The structural considerations of the prosthetic foot may not seem like a very exciting topic of conversation…unless you are at the amputee rehab center with people whose whole lifestyle depends on that specific understanding.
Not many people spend a lot of time considering the complicated anatomy of the feet and ankles they walk on. Understanding all the axis of movement a foot and ankle has, is critical in the consideration of designing the ideal prosthetic foot, however. When you look at the skeletal rendition of the foot and ankle in your anatomy and physiology book you may wonder why the foot has all those little bitty bones in it and how the deceptively simple structure of the ankle can support the weight and activity associated with human activities of daily living. (Reverend Ellis, William Webb, Advameg Inc. The Gale Group, Inc.)
Or, you may not think about it at all…unless you need to find the perfect prosthetic foot to support your own weight and the activities of your lifestyle.
In the past ten years or so the range of options when choosing a prosthetic device has grown to include upwards of fifty different models. The different dynamics of force and motion, flexion and rotation, and energy absorption and release required for different activities require a different design to optimize the experience of the user so a “one style fits all” simply does not work.
The human foot is the most mechanically and functionally complicated part of the muscle-skeletal system. It supports, propels, balances and bears great amounts of weight. It is functionally a three part anatomical structure consisting of the fore-foot, the mid-foot and the hind-foot. When all is well with the feet, the tendons, ligaments, muscles, and bones all work together in such an intricate way that subtle adjustments are constantly being made to maintain perfect balance and comfort even when standing still. When the body is in motion the foot is continually flexing and extending, rotating inwardly and outwardly, and sustaining stresses of inversion and eversion, heel and toe flexion, shock absorption, multi-axial rotation and load-compression.

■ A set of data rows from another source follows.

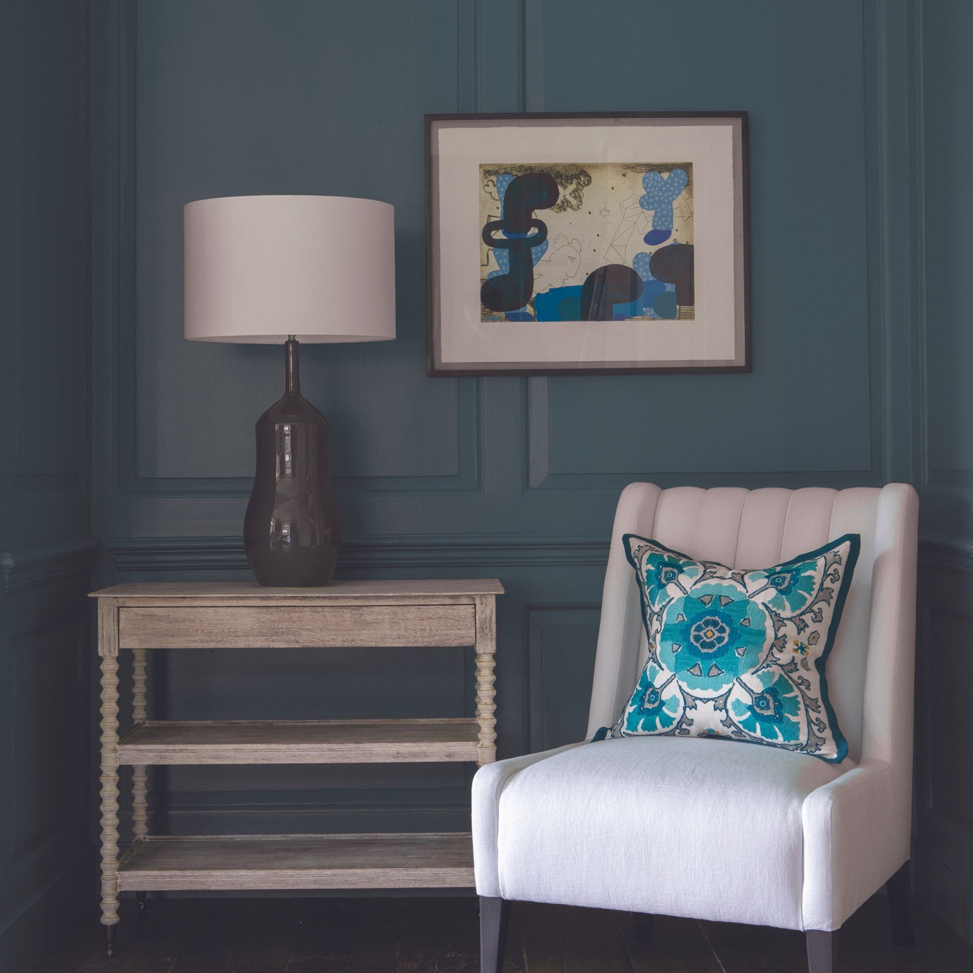Inspired by the colour of the jade stones in a vintage bracelet we found. A soft subdued colour that works wonderfully in the home.
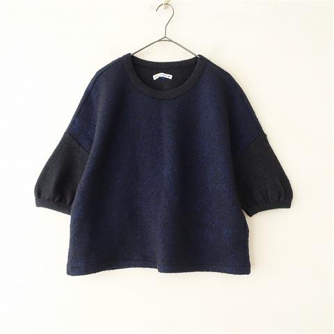 カラーはネイビーブルーです。起毛したループヤーンの素材で仕立てられ、プルオーバータイプです。ゆったりとした身幅のドロップショルダーで、袖口にギャザー入りのパフスリーブデザインです。背上部に蝶のワンポイント刺繍入りです。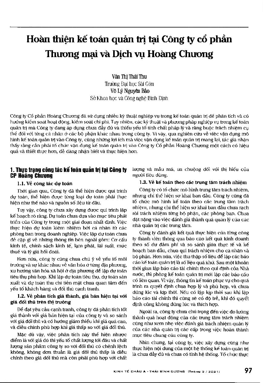 Hoàn thiện kế toán quản trị tại Công ty cổ phần Thương mại và Dịch vụ Hoàng Chương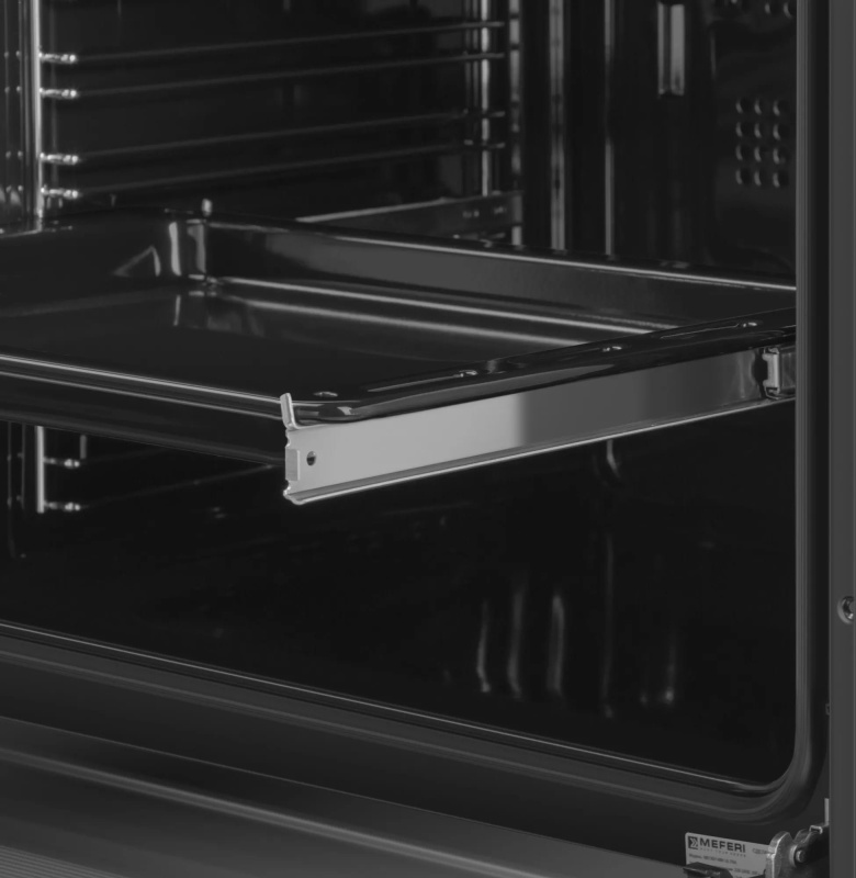 Благодаря телескопическим направляющим противни и решётки надёжно фиксируются, что облегчает загрузку и выгрузку посуды.

In order to fashion a prosthetic foot that performs all these functions in a fully useful and nearly flawless manner, the hardware and electronics begin to use up weight and space limitations. A near perfect prosthesis should be aesthetically appealing as well as functionally sound. Women need different shapes of leg and shoe appliances. Athletes need significant flexion and cushioning. Business men need a firm stability and discretely unnoticeable reliability.
Options in prosthetic feet have gone from a solid foot connected to an un-yielding shank to a dynamic response foot that stores and releases the walking energy to give a more normal “push off” sense to the wearer (Military In-Step, A Publication of the Amputee Coalition of America in Partnership with the U.S. Army Amputee Patient Care Program).
The article on prosthetic feet on the ACA publications site (http://www.amputee-coalition.org/easyread/military-instep/feet-ez.html) details these types of feet:
1. Solid Ankle and Cushioned Heel
2. Elastic Keel – (a keel is the foot-shaped section, forward of the ankle flexion point)
3. Single-axis and Multi-axis feet
4. Dynamic-response foot
Prosthetics companies will have variations on these four basic types that help accommodate a specific activity. A good table of prosthetic feet and their possible usages complete with advantages and disadvantages can be found at http://emedicine.medscape.com/article/317358-overview .
More than a thousand amputees have come home from Iraq and Afghanistan, 3 of those have lost all four limbs, 21 have lost three limbs, 258 have lost two limbs and 832 have lost one limb, there are more than 2000 babies born each year with a “limb difference”; there are 1.7 million Americans living with limb loss, 26% of them lost limbs due to cancer related amputations. http://www.amputee-coalition.org/fact_sheets/amp_stats_cause.html
Amputees initially just want to be able to stand and walk with reliable stability. Joining the land of the living again after an amputation and the recovery period often leads to a desire to re-visit old sports activities or engage in more vigorous activities with friends and family. Finding the perfectly structured foot prosthesis is the gateway to a more inclusive and holistic lifestyle.